House debates

Tuesday, 8 February 2022

Matters of Public Importance

Coalition Government

3:50 pm

Photo of Clare O'NeilClare O'Neil (Hotham, Australian Labor Party, Shadow Minister for Senior Australians and Aged Care Services) Share this | Hansard source

' NEIL () (): We saw two very different approaches exhibited in question time today to the critical question of aged care. We had the Leader of the Opposition on behalf of the Labor Party asking detailed questions, advocating for the almost 200,000 people who rely on this sector for their lives and livelihoods. Then we had the Prime Minister on the other side of the chamber doing something that I find truly extraordinary—that is, using his position as the leader of this country to minimise the crisis in aged care and minimise the fact that 622 people in aged care have died from COVID just this year.

How can we expect the government to do anything about this crisis when the Prime Minister, instead of acknowledging what is happening today in aged care, is attempting to essentially diminish it to say that other people died in aged care, so the people who died of COVID don't matter? I actually can't believe that he's using his platform in this way. Deputy Speaker, you're a member of parliament who represents constituents. I know that you, like me, must be getting many emails from people in your electorate who are suffering because of the negligence and incompetence of this government and, in particular, Richard Colbeck, the relevant minister. We know that today people in aged care are not getting showered, not getting food and water, and not getting their wounds tended to.

I spoke to the daughter of an aged-care resident whose mother has been in lockdown in her aged-care home for three weeks now. Her mother is deaf. She is sitting in her room on her own. The only person she sees every day is a nurse in full PPE. She's confused, and her daughter is continuously trying to explain to her what's going on. This is what's happening today in our aged-care system, and the Prime Minister diminishes the crisis.

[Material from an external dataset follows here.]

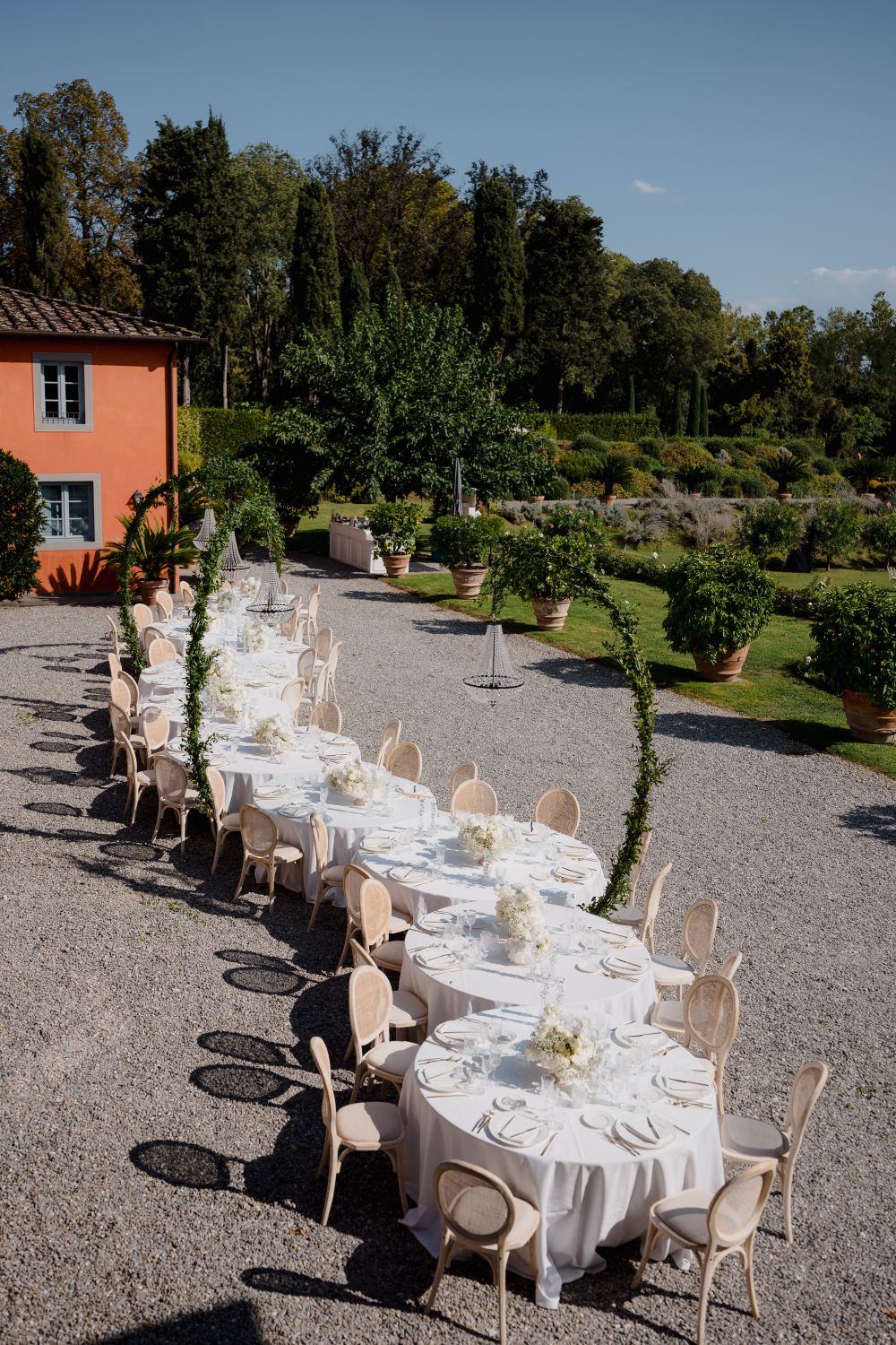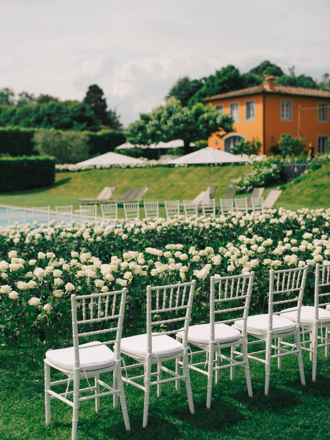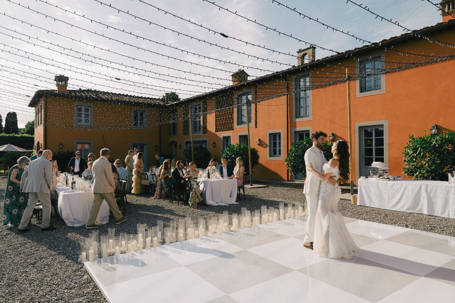 Getting married at Arancera means celebrating in an intimate and luminous setting, surrounded by the Tuscan countryside, with sweeping views over Lucca and the mountains toward Pisa. The villa becomes your private home for the celebration, a place to gather with the people you love and create memories that unfold naturally from ceremony to evening party.

We should never forget that the staff in aged care are also deeply affected by what is happening today. Aged care was already staffed at crisis point before the pandemic hit. We have nurses and carers in this country doing everything they can to protect the people who rely on them in aged care. They're getting no support from the government. The Australian Nursing and Midwifery Foundation were in Canberra today. We heard from Sue, Wendy and Linda. We are asking these people to do the impossible; we are asking them to choose between helping someone who's fallen out of their bed and assisting someone who might be in pain. Deputy Speaker, imagine you and me having to do that job every day. It is inhumane. The Australian parliament should not be asking Australian workers to make those choices.

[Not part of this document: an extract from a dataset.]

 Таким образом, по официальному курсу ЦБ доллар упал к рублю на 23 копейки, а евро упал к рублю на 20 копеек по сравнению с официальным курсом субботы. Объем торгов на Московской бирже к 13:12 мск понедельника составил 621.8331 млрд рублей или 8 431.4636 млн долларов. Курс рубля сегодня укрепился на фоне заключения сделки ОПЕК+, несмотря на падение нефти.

We've had 662 people die in aged care this year. There are 12,000 current COVID infections. Almost half of all aged-care homes have a COVID outbreak. This has been going on for weeks and weeks. Where is the government? Richard Colbeck goes to the cricket during the worst of this outbreak, not for one day, not for two days, but for three days running. He goes to the cricket while people in his care suffer in misery. He should be focused on this crisis. The Prime Minister does some ridiculous photo op, washing someone's hair, when people in aged care are not being showered. We hear, endlessly, that they're sending each other abusive text messages. Come on! This is a crisis. It needs the full focus of government; instead, they're focusing on themselves.

If Scott Morrison would come and talk to the aged-care nurses, as many Labor members of parliament did today, they would give him a very clear message: this aged-care crisis is not just about COVID; this is about nine years of disgraceful neglect of a sector that cares for some of the most vulnerable people in Australia. We have a royal commission, which the government has just cast aside because it's inconvenient. Find me a person in this country who will say that there's been any improvement since the aged-care royal commission reported a year ago. They do not exist. What was the point of spending two years going through that exercise? Aged care is not a sideshow; it is not some thing that government does just because it feels like it. These people need care. If we are lucky, you will age and I will age. We might end up in aged care too. This is an urgent priority for the federal government, and if Australians want to see aged people in this country looked after appropriately, then at the next election they are going to have to choose a new government.